Best Approach for LVGL UI: Single Screen with Panels vs. Multiple Screens

Hi everyone,

I’m working on an LVGL-based UI and trying to figure out the best approach for screen design. I have two main options:

  1. One screen with many widgets
  • All UI elements are placed on a single screen.
  • Using panels to organize different sections.
  • Potential performance concerns with rendering too many elements at once.
  1. Multiple screens with fewer widgets per screen
  • UI is split across multiple screens.
  • Each screen contains only the widgets relevant to its section.

Right now, I’ve already built a single screen with multiple panels—for example, one screen with 5 panels, each containing 10 widgets (total: 50 widgets). My question is: would it make any difference in memory or performance if I split this into 5 separate screens with 10 widgets each?

  • Which approach is better for performance and responsiveness, especially on resource-limited MCUs?
  • How does LVGL handle a large number of widgets in terms of memory usage and FPS drop?
  • Do any of create extra pressure on BSS?

Any advice or experiences would be greatly appreciated!:blush:

It can - if you use temporary screens, and the screen-loading and screen-unloading events to populate them as needed, typically you only have up to two screens of widgets loaded at a time(specifically, during a screen transition, the next screen is loaded, then the transition occurs, then the old screen is destroyed).
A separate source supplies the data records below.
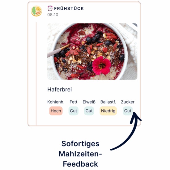 Nachdem Sie eine Mahlzeit oder einen Snack protokolliert haben, wird Ihnen im Abschnitt „Einträge“ Feedback zu Ihrer Mahlzeit angezeigt. Dieses Feedback hilft Ihnen zu verstehen, ob Ihre Mahlzeit oder Ihr Snack insgesamt zu niedrig, im guten Bereich oder zu hoch in Bezug auf Kohlenhydrate, Eiweiß, Fette, Ballaststoffe und Zucker ist. Sie können dieses Feedback als Reflexionsinstrument verwenden, um zu erkennen, was Sie beim nächsten Mal verbessern können.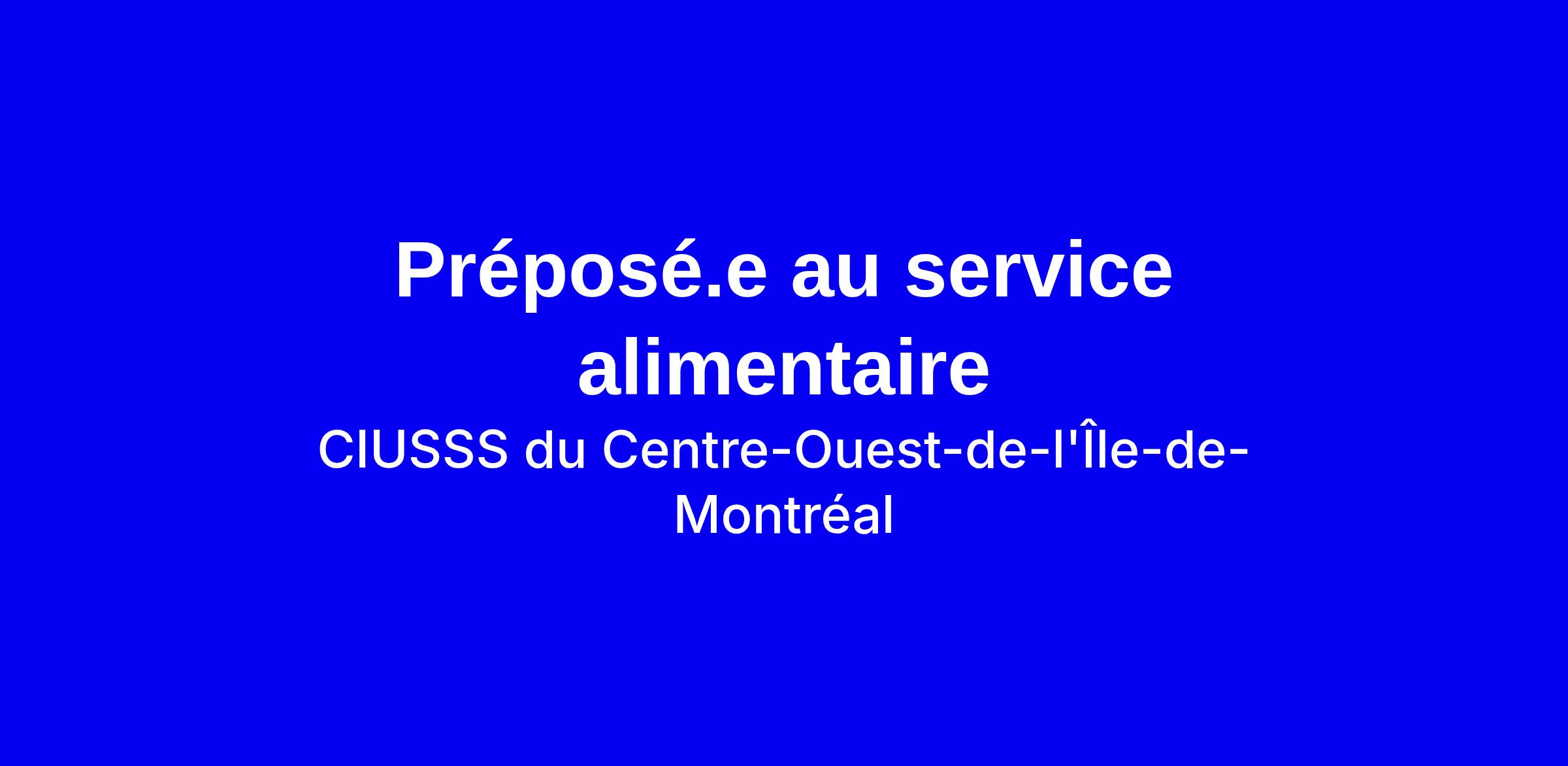 Dessinez votre carrière au sein d'un établissement qui place l'humain au cœur de ses priorités. Le CIUSSS Centre-Ouest de Montréal offre un milieu de travail stimulant où la diversité des perspectives enrichit nos pratiques et où le leadership de proximité favorise votre épanouissement professionnel.Description de l’emploi:Les principales responsabilités.En choisissant de venir dessiner votre carrière au sein de notre équipe avec ce rôle essentiel de notre écosystème de soins de santé, voici les responsabilités pour lesquelles vos talents seront mobilisés de façon quotidienne.Production- Assister les cuisiniers et les aide-cuisiniers dans leurs tâches- Peser les aliments et les épices- Offrir une aide générale en cuisineDistribution- Assembler les plateaux repas pour les patients- Assurer le transport et la répartition des plateaux dans les unités de soinsCafétéria- Préparer et à assembler les plateaux-repas- Préparer l’aire de service pour la clientèle mobile- Tenir la caisse-enregistreuse- Répondre aux demandes des clients.De plus, l’entretien des aires de travail et des appareils de cuisine (poêles, vaisselle, etc.) feront partie de vos tâches.Avantages distinctifs:Pourquoi choisir de joindre notre équipe? Voici le top 3 des éléments qui, selon nous, feront la différence dans votre quotidien, pour ne nommer que ceux-ci :* Contribuez à nos initiatives de responsabilité sociale axées sur le soutien des communautés et ayez un impact positif sur la communauté. * Opportunités de faire progresser votre carrière. * Environnement de travail axé sur le bien-être des employés.
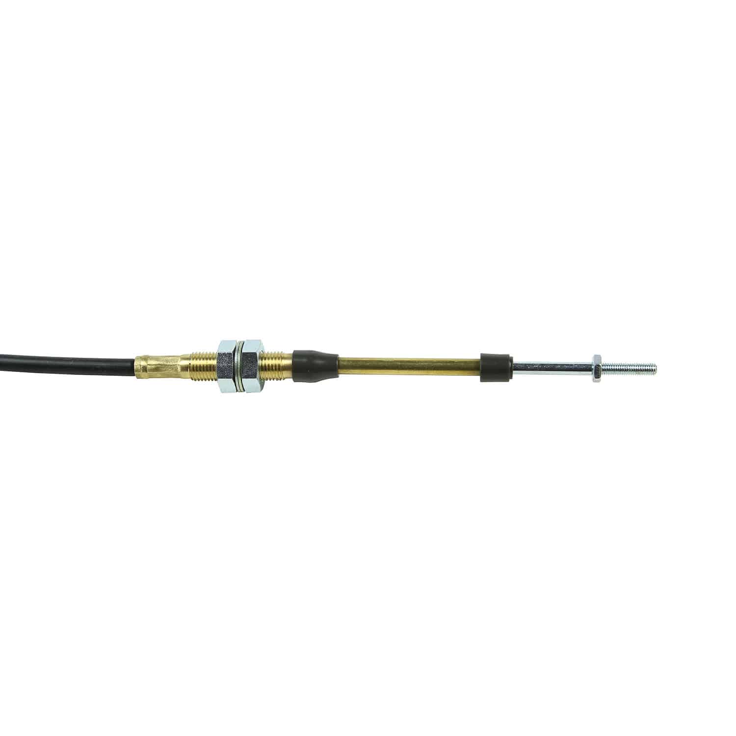 B&M performance shifter cables are available with a black cable housing for most B&M street shifters. This is our 5-foot performance replacement shifter cable for most B&M automatic shifters. It is properly clearanced to reduce backlash and has a .250-inch ‘long-lay’ (stiffer, less prone to kinking) black outer jacket for durability. The cable features an eyelet at one end to connect to the shifter and a 10-32 threaded end at the transmission side of the cable and has a 2.50-inch stroke. This is the standard cable supplied with most B&M Shifters.

If you do not use temporary screens, the UI memory usage will be higher.

With everything on one screen, the IO memory usage will be higher too.

How does LVGL handle a large number of widgets in terms of memory usage and FPS drop?
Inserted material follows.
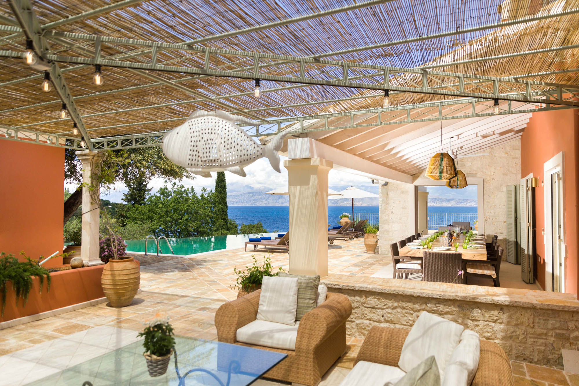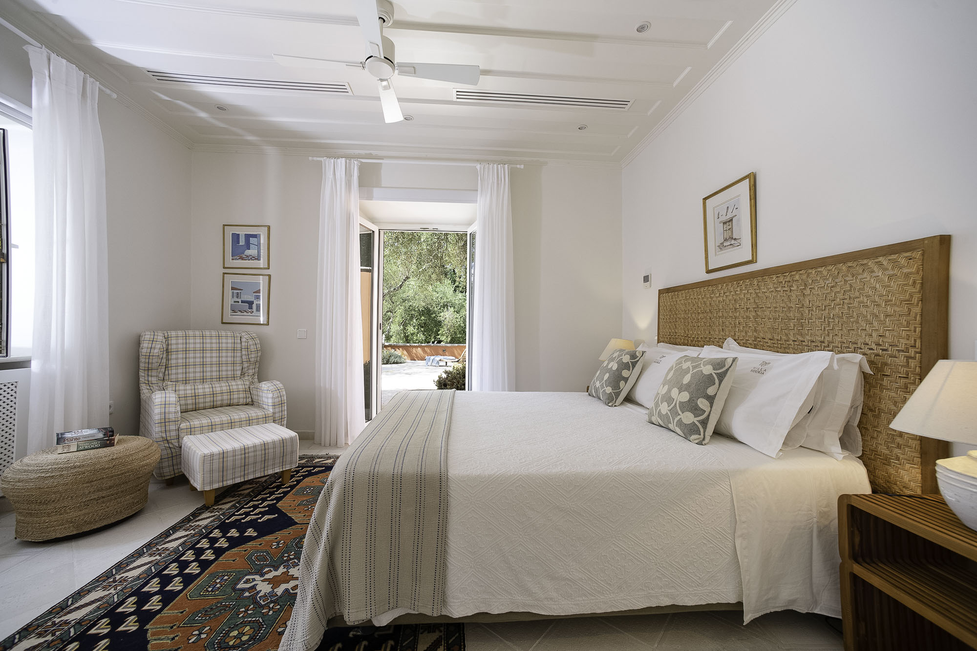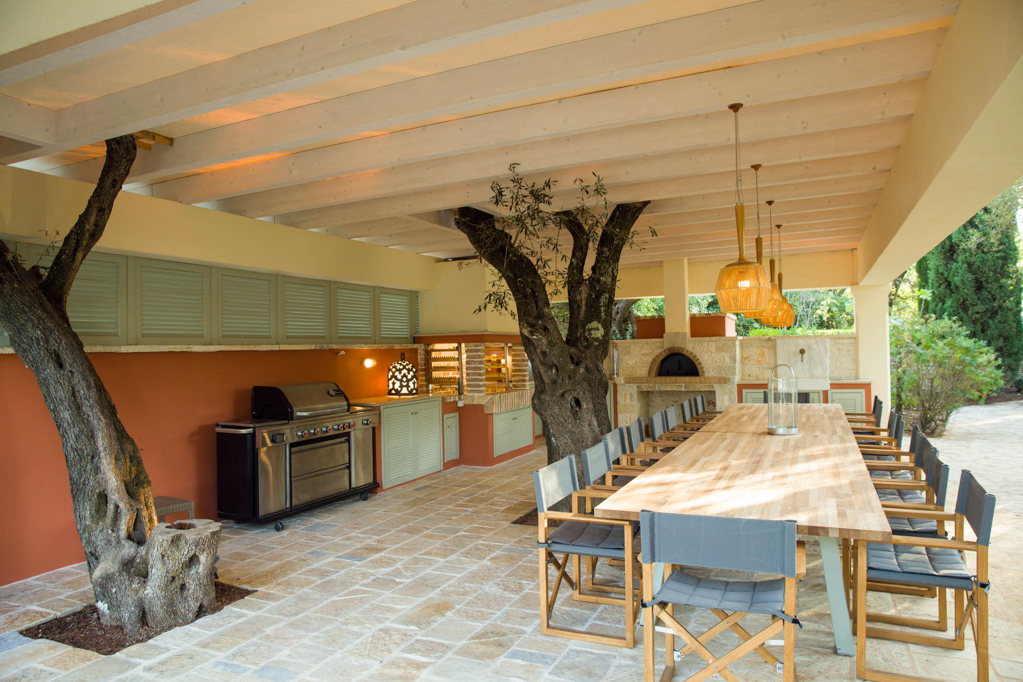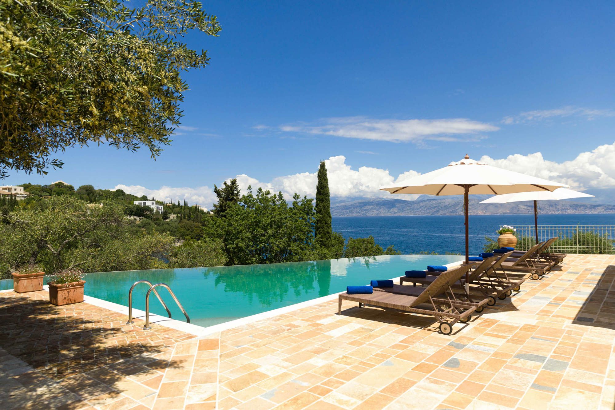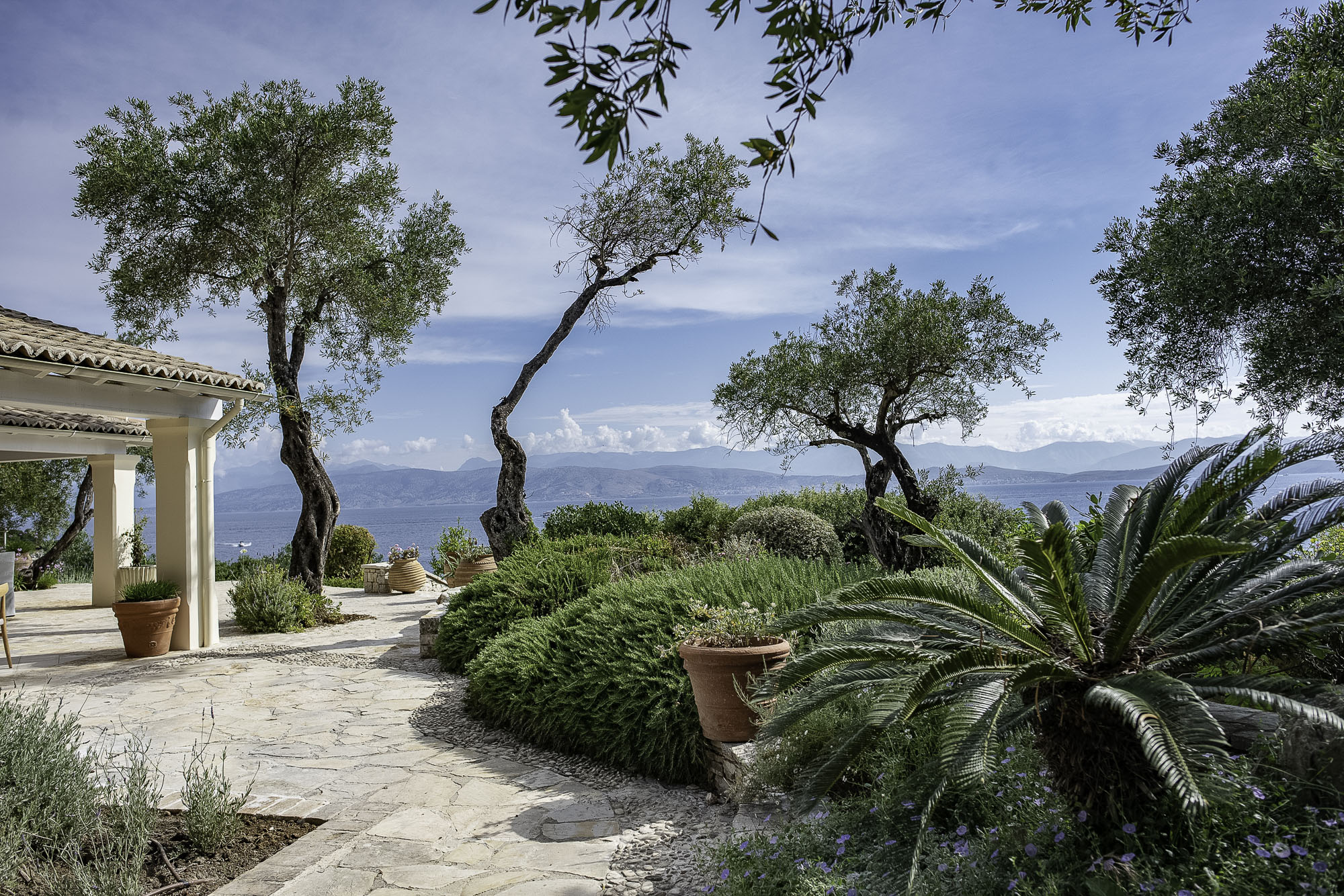 A pergola-covered outdoor kitchen and dining room feature a wood-burning pizza oven and a long dining table for 16. Poolside, another pergola shades a table seating 12 and a gas barbecue. There are numerous places to sit and enjoy the different views and a beautiful infinity pool with views out across the sea to the mainland beyond. From the garden, it’s a short walk down a path to the sea or set off through the olive groves to Kassiopi.

LVLG handles large numbers of widgets surprisingly well. If your display bus is slow, but can do partial updates, I believe LVGL will render and send only the objects that are not hidden, and have changed or were impacted by another widget changing.

That said, screen transitions are often the worst-case, as two screens are loaded, and every drawable widget of each that is viewable on the display will be rendered.

This question would probably be best answered by prototyping as soon as you have your MCU, display, and input device ready.